EXERCISE DETAILS
Write out the records below once more, exactly and completely.

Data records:
# # # # # # #

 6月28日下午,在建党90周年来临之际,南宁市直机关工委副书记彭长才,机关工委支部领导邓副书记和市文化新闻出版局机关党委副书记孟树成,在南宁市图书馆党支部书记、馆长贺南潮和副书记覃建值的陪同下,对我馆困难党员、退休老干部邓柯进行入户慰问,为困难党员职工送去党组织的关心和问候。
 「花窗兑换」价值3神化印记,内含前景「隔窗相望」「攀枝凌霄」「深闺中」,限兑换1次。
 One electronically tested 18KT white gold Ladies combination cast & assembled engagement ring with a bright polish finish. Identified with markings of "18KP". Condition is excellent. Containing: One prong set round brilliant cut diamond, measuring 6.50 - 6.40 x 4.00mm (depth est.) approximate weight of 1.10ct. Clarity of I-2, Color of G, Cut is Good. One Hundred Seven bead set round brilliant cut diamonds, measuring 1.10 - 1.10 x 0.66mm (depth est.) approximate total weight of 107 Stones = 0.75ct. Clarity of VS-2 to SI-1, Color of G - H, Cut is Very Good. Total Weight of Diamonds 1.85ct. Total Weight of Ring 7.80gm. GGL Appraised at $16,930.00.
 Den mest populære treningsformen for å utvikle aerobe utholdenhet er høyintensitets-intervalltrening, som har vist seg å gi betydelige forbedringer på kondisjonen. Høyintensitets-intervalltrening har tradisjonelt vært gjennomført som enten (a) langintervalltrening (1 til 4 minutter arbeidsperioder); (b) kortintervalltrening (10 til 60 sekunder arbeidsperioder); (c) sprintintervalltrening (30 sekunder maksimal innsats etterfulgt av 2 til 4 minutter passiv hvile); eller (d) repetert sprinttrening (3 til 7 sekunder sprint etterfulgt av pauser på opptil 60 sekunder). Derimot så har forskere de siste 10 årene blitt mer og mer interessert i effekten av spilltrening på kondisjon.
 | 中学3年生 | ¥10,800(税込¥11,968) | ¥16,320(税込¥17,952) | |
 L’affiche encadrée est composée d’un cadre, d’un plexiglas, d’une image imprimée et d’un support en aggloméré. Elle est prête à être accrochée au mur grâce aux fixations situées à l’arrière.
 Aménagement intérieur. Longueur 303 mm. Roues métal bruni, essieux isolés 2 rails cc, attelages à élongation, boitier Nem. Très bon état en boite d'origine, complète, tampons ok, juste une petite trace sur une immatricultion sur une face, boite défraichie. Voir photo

# # # # # # #

FINAL ANSWER
 6月28日下午,在建党90周年来临之际,南宁市直机关工委副书记彭长才,机关工委支部领导邓副书记和市文化新闻出版局机关党委副书记孟树成,在南宁市图书馆党支部书记、馆长贺南潮和副书记覃建值的陪同下,对我馆困难党员、退休老干部邓柯进行入户慰问,为困难党员职工送去党组织的关心和问候。
 「花窗兑换」价值3神化印记,内含前景「隔窗相望」「攀枝凌霄」「深闺中」,限兑换1次。
 One electronically tested 18KT white gold Ladies combination cast & assembled engagement ring with a bright polish finish. Identified with markings of "18KP". Condition is excellent. Containing: One prong set round brilliant cut diamond, measuring 6.50 - 6.40 x 4.00mm (depth est.) approximate weight of 1.10ct. Clarity of I-2, Color of G, Cut is Good. One Hundred Seven bead set round brilliant cut diamonds, measuring 1.10 - 1.10 x 0.66mm (depth est.) approximate total weight of 107 Stones = 0.75ct. Clarity of VS-2 to SI-1, Color of G - H, Cut is Very Good. Total Weight of Diamonds 1.85ct. Total Weight of Ring 7.80gm. GGL Appraised at $16,930.00.
 Den mest populære treningsformen for å utvikle aerobe utholdenhet er høyintensitets-intervalltrening, som har vist seg å gi betydelige forbedringer på kondisjonen. Høyintensitets-intervalltrening har tradisjonelt vært gjennomført som enten (a) langintervalltrening (1 til 4 minutter arbeidsperioder); (b) kortintervalltrening (10 til 60 sekunder arbeidsperioder); (c) sprintintervalltrening (30 sekunder maksimal innsats etterfulgt av 2 til 4 minutter passiv hvile); eller (d) repetert sprinttrening (3 til 7 sekunder sprint etterfulgt av pauser på opptil 60 sekunder). Derimot så har forskere de siste 10 årene blitt mer og mer interessert i effekten av spilltrening på kondisjon.
 | 中学3年生 | ¥10,800(税込¥11,968) | ¥16,320(税込¥17,952) | |
 L’affiche encadrée est composée d’un cadre, d’un plexiglas, d’une image imprimée et d’un support en aggloméré. Elle est prête à être accrochée au mur grâce aux fixations situées à l’arrière.
 Aménagement intérieur. Longueur 303 mm. Roues métal bruni, essieux isolés 2 rails cc, attelages à élongation, boitier Nem. Très bon état en boite d'origine, complète, tampons ok, juste une petite trace sur une immatricultion sur une face, boite défraichie. Voir photo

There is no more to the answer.